И я действительно, по врожденной мне скромности, с терпением взирал на его посещения, которые иногда не на шутку меня одолевали.
Что касается до Рогожкина, то это маленький человечек, совершенно кругленький. Он когда-то служил в военной службе, но вскоре нашел, что тут только одно расстройство здоровья, вставать надо рано, потом часов пять ходить, а куда идешь – неизвестно, и потому решился приютиться по гражданской части, где, по крайности, хоть выспаться вволю дают. В настоящее время он имеет тот несколько томный вид, который невольным образом приобретают искатели мест, не снабженные достаточно убедительными рекомендательными письмами. Но когда разговор заходит о каком-нибудь вакантном месте, то в глазах его внезапно зажигается плотоядный огонь и на устах показывается слюнотечение. Говорит он довольно вразумительно, но с околичностями, и усердно смеется, когда того требуют обстоятельства или когда видит, что другие смеются.
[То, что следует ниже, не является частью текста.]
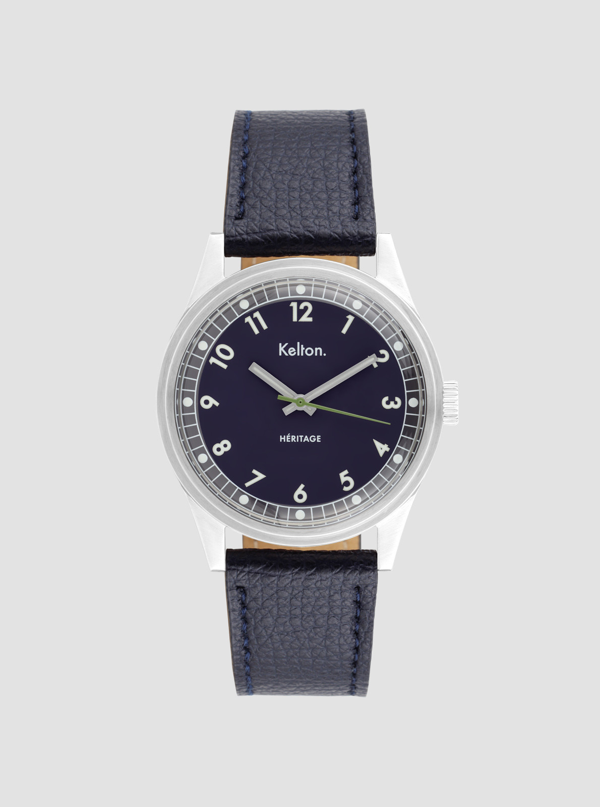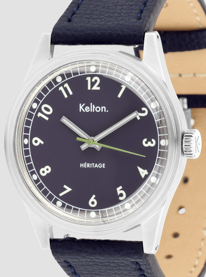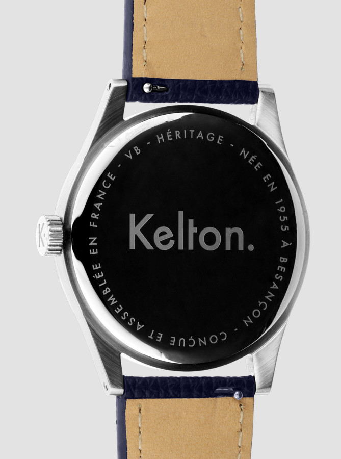 L’Héritage navy est le deuxième modèle de cette nouvelle collection majeure. Cette fois, il s’agit d’être discret, autant à l’aise sur un poignet féminin que masculin, avec son petit diamètre (38 mm) elle devient la plus effortless chic de toutes les Kelton. Le cadran navy nous rappelle l’origine de ce modèle, les fameuses dirty dozen, chères à tous les amateurs de garde-temps.

Впрочем, он малый добрый и привязанный, а на Горехвастова смотрит как на высшее существо и охотно исполняет его маленькие поручения, как-то: набивает и закуривает ему трубку, распоряжается насчет питейного и съедобного и сопутствует ему везде, где только может. Голос у него самый тоненький, можно сказать, детский, глазки маленькие и с глянцем, точно у пшеничных жаворонков, которым вставляют, вместо глаз, можжевеловые ягодки.
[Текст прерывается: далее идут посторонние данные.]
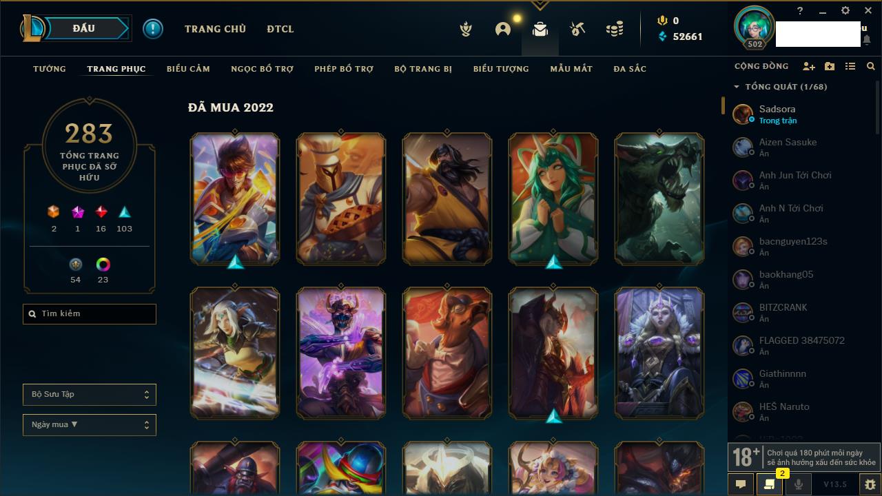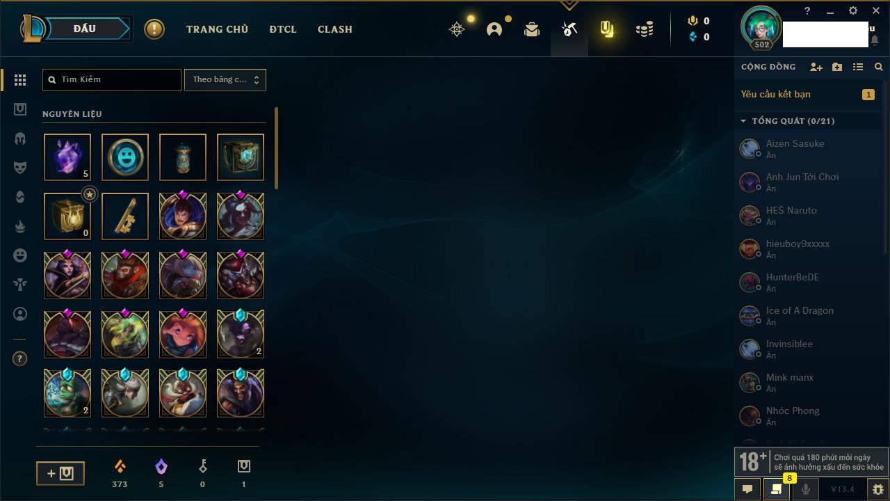 Rank Đơn: Vàng IIKhung: VàngTướng: 171 - Còn 219803 THXTrang Phục: 254Rank ĐTCL: Chưa RankLinh Thú: 78

В утро, когда начинается мой рассказ, Горехвастов был как-то особенно разговорчив. Он разлегся на диване, закурив одну из прекрасных сигар, которые я выписывал для себя из Петербурга, и ораторствовал. Перед диваном, на круглом столе, стояла закуска, херес и водка, и надо отдать справедливость Горехвастову, он не оставлял без внимания ни того, ни другого, ни третьего, и хотя хвалил преимущественно херес, но в действительности оказывал предпочтение зорной горькой водке. Рогожкин, с своей стороны, не столько пил, сколько, как выражаются, «потюкивал» водку.
– А скажите, пожалуйста, Николай Иваныч, – сказал мне Горехвастов, – откуда у вас берутся все эти милые вещи: копченые стерляди, индеечья ветчина, оленьи языки… и эта бесценная водка! – водка, от которой, я вам доложу, даже слеза прошибает! Да вы Сарданапал, Николай Иваныч!.. нет, вы просто Сарданапал!
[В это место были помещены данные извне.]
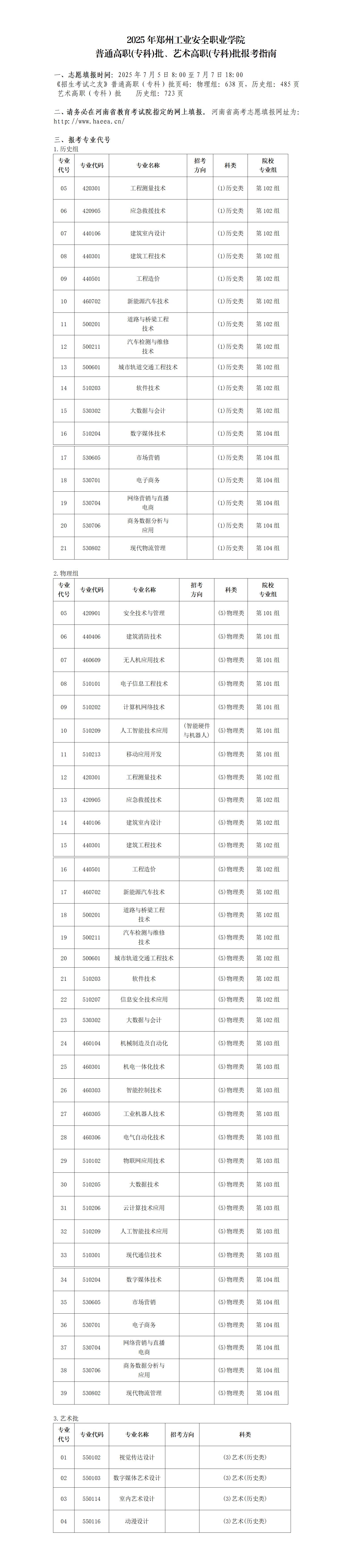 2025年郑州工业安全职业学院 普通高职(专科)批、艺术高职(专科)批报考指南

Я сообщил ему, как умел, требуемые сведения.
– А что ни говорите, – продолжал он, – жизнь – отличная вещь, особливо если есть человек, который тебя понимает, с кем можешь сказать слово по душе! Я вам доложу про себя, Николай Иваныч: я век свой прожил шутя… Бывали у меня, конечно, происшествия, бывали неприятности – ну, бывали! что ж из этого! разве следует от этого унывать духом, приходить в отчаяние? Живал я и в Петербурге, езжал и в каретах, и сотнями тысяч ворочал, и игру вел, и француженок содержал – ну, было, было все это! Ну, а теперь живу в Крутогорске, езжу на безобразной долгуше, играю по копейке в ералаш и, получая от казны всего шесть целковых в месяц содержания, довольствуюсь, вместо француженки, повивальною бабкой! И между тем, как видите, не унываю и даже не отчаиваюсь в своем будущем!
Он привстал на диване и налил себе рюмку зорной.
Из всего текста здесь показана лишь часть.